All this may sharply contrast all that we have we come to heavily expect of a healthily growing economy. We expect something like high single-digit growth per quarter, high enough to take India into the First World in the course of a couple of lifetimes. Meanwhile, our current lifetime goes to stress, illnesses and hectic schedules, ending up as collateral damage of rapid economic growth. Now, think how different, how much simpler India was around Independence, when India was a subsistence economy, as opposed to a growth economy.
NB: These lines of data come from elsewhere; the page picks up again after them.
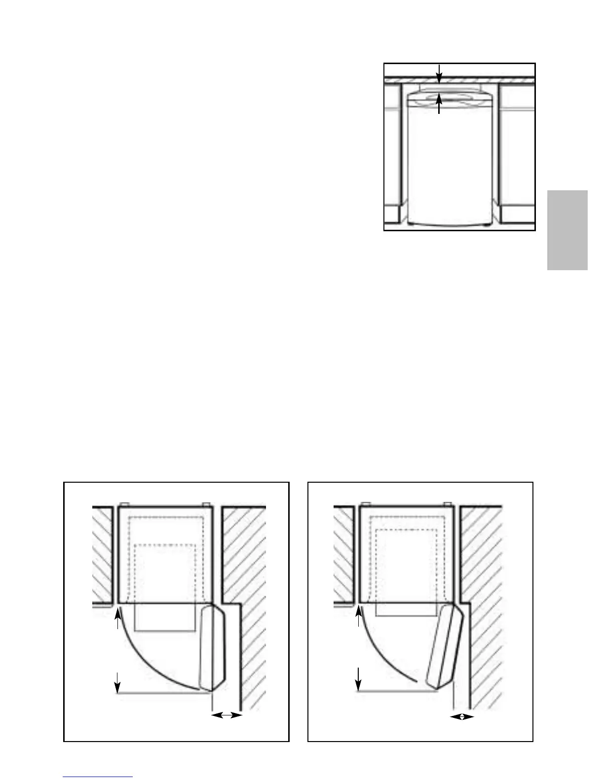 The door hinge side can be changed to make it easier to open (see ‘Door Reversal’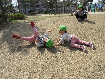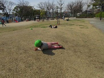 芝生だらけになって遊び始めると、みんなもコロコロ転がり始めてキャハキャハ大笑い(*´▽`*)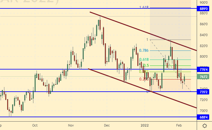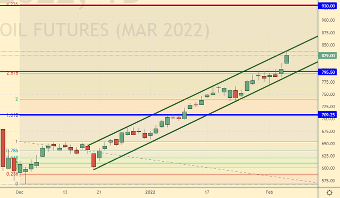 Growth scenario: March futures, the expiration date is March 10. The market is growing due to bad weather in the US. A move to 930.0 cannot be ruled out. You can buy only on a rollback to 800.0.

But we expect now to go beyond subsistence, persistently, and towards growth, forever, as evidenced by the high growth estimates for the June quarter that the GDP sorely missed.
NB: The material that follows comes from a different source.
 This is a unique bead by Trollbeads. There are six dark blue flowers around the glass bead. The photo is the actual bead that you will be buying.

The vision of perpetual enrichment unfolds like this: if all are devoted to getting more stuff, their passions fan the economy, their demand fuels profit, and the profit fuels still more passions. The machine runs.
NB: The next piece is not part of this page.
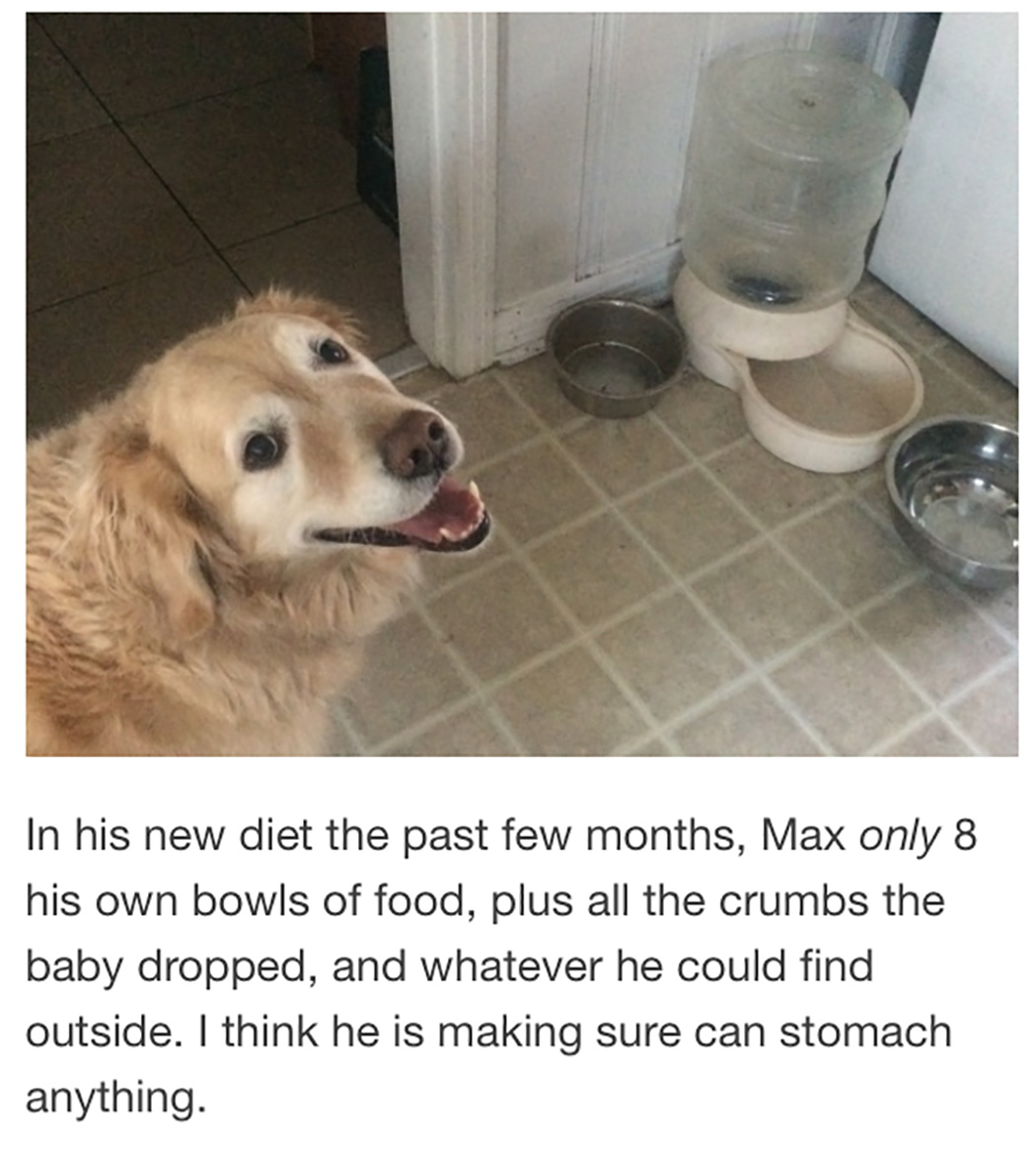 Max can be greedy. Littlefield writes that the 7-year-old retriever always wants more love and attention — and especially food. While away from home on puppy play dates, Max doesn’t hesitate to eat another dog’s food. But thanks to Lucy, he’s slowly learning to share.

But the internet throws a small wrench in the works, by offering satisfaction for free. Suppose we discovered we could satisfy all of our mental needs by sitting down in a quiet room and meditating. The economic consequences would be catastrophic. A society of monks needs food and a bunch of caves — that’s it. Therefore, a society moving towards monkhood will have an economy in free fall. If everyone spends all his hours meditating, what if everyone spends all his hours double-clicking? Let’s find out by comparing two groups of people: “Suit-Boot People” and “Internet People”. Suit-Boot People want big houses, fast cars, fine food, prestigious degrees, and high-powered jobs. They want stuff to play with and they want stuff to happen, all the time. They are out and about. Internet People, on the other hand, want freedom — freedom from work, obligations, expectations. They connect online, hang out at home, and commit to nobody and nothing. They want to pass the time as cheaply as possible. Cue in Cheap Thrills: “Baby I don’t need dollar bills to have fun tonight,” Sia sings on the chorus. “I love cheap thrills.”
As seen above, Internet People are not monks by any means, but they are a lot closer to monkhood than Suit-Boot People whose material needs are 90 per cent higher. Removed from materialistic existence, Internet People focus on virtual fulfilment of their needs by double-clicking virtual castles into existence. They still want stuff, but they’re happy to get it virtually. Back in Real Life, they live a subsistence lifestyle, not caring much about growth, not contributing much to it either. They are our only hope, our only ticket, to a mouse-clicking, less-materialistic economy from a growth-obsessed, consumer-driven one that we currently suffer.